Two things you might try (if you haven't tried them already):

1) Have you tried putting orthovanadate in the fixative to preserve the phosphorylation of the S6 protein? If the endogenous phosphatases in the tissue aren't sufficiently inhibited, they could be removing the phosphates from the protein resulting in a loss of signal.

2) You might try antigen retrieval on some of the 24 hr fixed tissue to see if it restores your PS-6 labeling. We find that using a hot citrate retrieval step is helpful for many antigens.

Hi David,

I have tried the antigen retrieval, I boiled the tissue for 5 minutes in citric acid before staining. Unfortunately this did not elicit any PS6 staining. Interestingly enough, when I tried this on the vasotocin stain for consistency it also seemed to have somewhat of a negative impact on the staining.

I will look into the orthovanadate though, I think this may be a step worth considering! Thank you!

In case its of any use to you, I've attached the protocols we use for immunolabeling frozen and paraffin sections (we work mostly in brain and retina), which include what we do for antigen retrieval (including the citrate buffer formulation we use). A big difference between what we do and what you tried for antigen retrieval is the temperature and time of the citrate retrieval step. I don't know if this would make a difference.

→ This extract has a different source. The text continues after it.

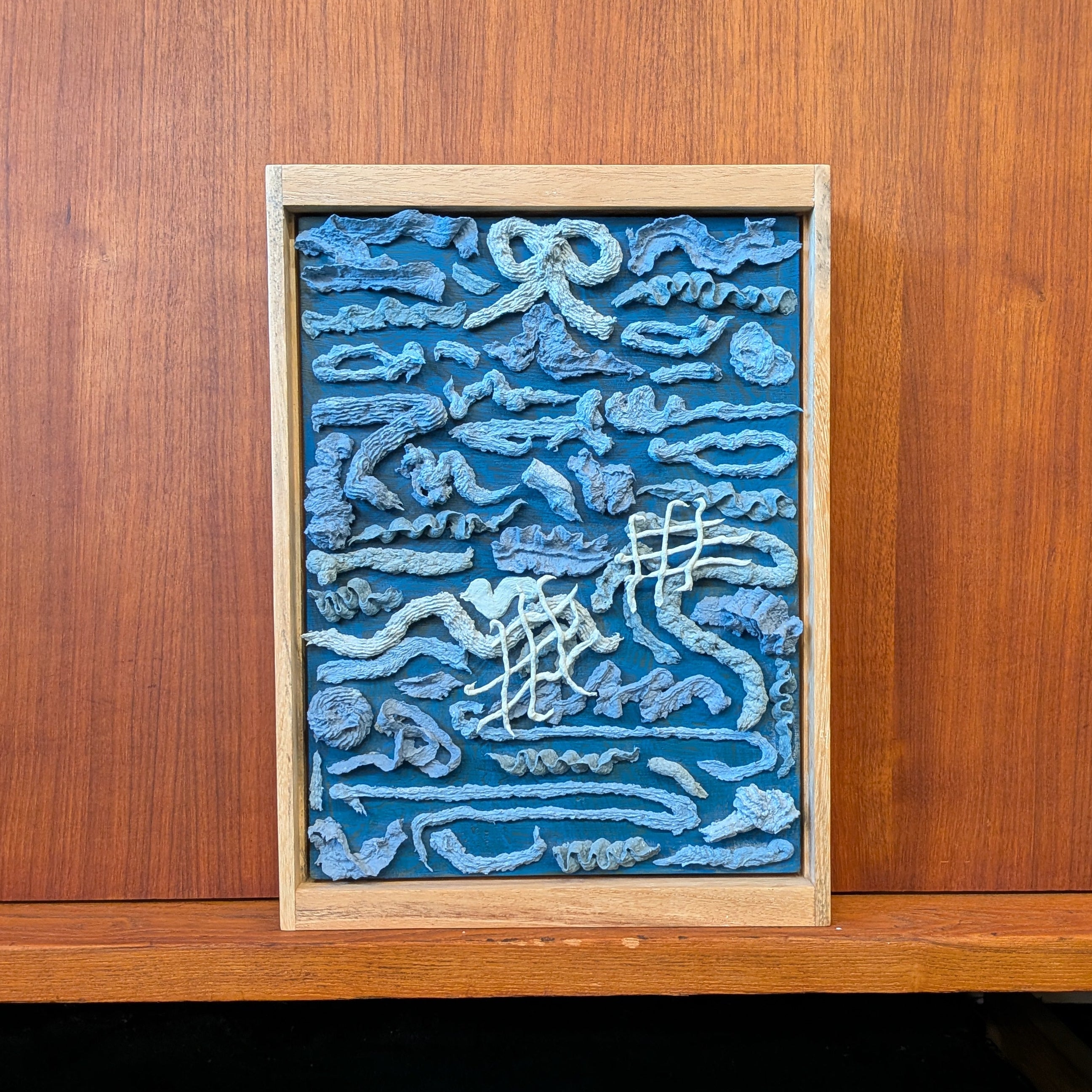 Sea GiftsAcrylic paint, paper clay on wood panel, framed by Oliver Wilson

We never expose the sections to boiling citrate buffer. We heat the buffer up to 90-95 degrees C and then immerse them in the citrate. We then let them stand at room temp on the countertop for 30 to 60 min. I've never tried a real short incubation in the citrate buffer. 5 min may not be enough time to get the full benefit.

Dave Sherry

I will definitely give these a read, thank you! I have also recently seen an antigen retrieval protocol where hot citrate was pipetted onto slides for 5 minute incubations 3 times, I may try a few different variations of this including the method that you use. If there's a method that can bring back expression of the PS6 protein while not negatively impacting the vasotocin expression then that would definitely make a lot of things possible!

Thank you!

Hi David, quick follow-up; I think that this orthovanadate step will be a very good one to test in order to see if it's the paraformaldehyde or the phosphorases that are inhibiting the signal. Do you have a personally recommended concentration for using it at?

Hi Jeffrey,

would it be possible for you to use a different fixation? If one of the epitopes is so sensitive maybe an alternative fixation with eg. acetone might be an alternative which could work for both. We had to switch to acetone for some antibodies in cell culture experiments due to epitope masking by PFA. In tissue we recently successfully used antigen retrieval with 110°C for 10 minutes. But in my opinion boiling tissue should be the last possibility since the tissue quality is suffering.

Good luck.

Best, Claus

Hi Claus,

It might be worth looking into alternative forms of fixation. I'll have to do some reading about how different fixation techniques may impact antigens in zebrafish tissue as they do seem to be a bit more fragile than the rat tissue I have previously worked with. I will see if others are using similar fixative techniques, because as you said, it is entirely possible that the PFA is just not going to react well with the target proteins.

As far as the previous suggestion with using orthovanadate in the fixative, I do seem to be having some difficulties finding studies where any groups have actually used it in the fixative for immunohistochemistry, rather using it as a phosphotase inhibitor in homogenization solutions for immunoblotting. If it is something that would work in PFA that would also definitely be something I would try.

Use of microwave can also help with antigen retrieval in paraffin so maybe microwave treatment of slides.

Hi Leonie, yes this is something we have tried. Today I am going to try implementing David's suggestion of heating the citrate buffer and incubating the slides in the heated buffer as it cools for ~30-60 mins to see if this works, as our initial attempt of boiling the slides in citric acid in the microwave did not elicit any change in antigen expression. We have also added orthovanadate to the fixative both in post-fixed whole brains and brains sectioned onto slides in order to try to quench endogenous phosphotases that may be breaking down the target protein.

Just to add an update for future reference if anyone else has a similar question;

We were unable to achieve staining using the PS6 antibody in overnight fixed tissue. We added 10mM sodium orthovanadate solution to 8% paraformaldehyde to make a 4% solution including 10mM orthovanadate. We post-fixed both whole brains and slide-mounted brains in this fixative overnight in order to determine if the type of fixation would make any difference as well. Additionally, we performed antigen retrieval on half of the slides using David's protocol (heating the citrate buffer to ~95C and then incubating the brains in this warmed buffer for 60 minutes).

Unfortunately none of these methods were sufficient to obtain PS6 staining using fixed tissue. Interestingly enough, this method of antigen retrieval also quenched vasotocin and isotocin expression, which we now find to only work in fixed tissue that has not undergone antigen retrieval.

Thank you all for your help, but as of now it would appear that the double-label staining is something I will have to set to the side for now.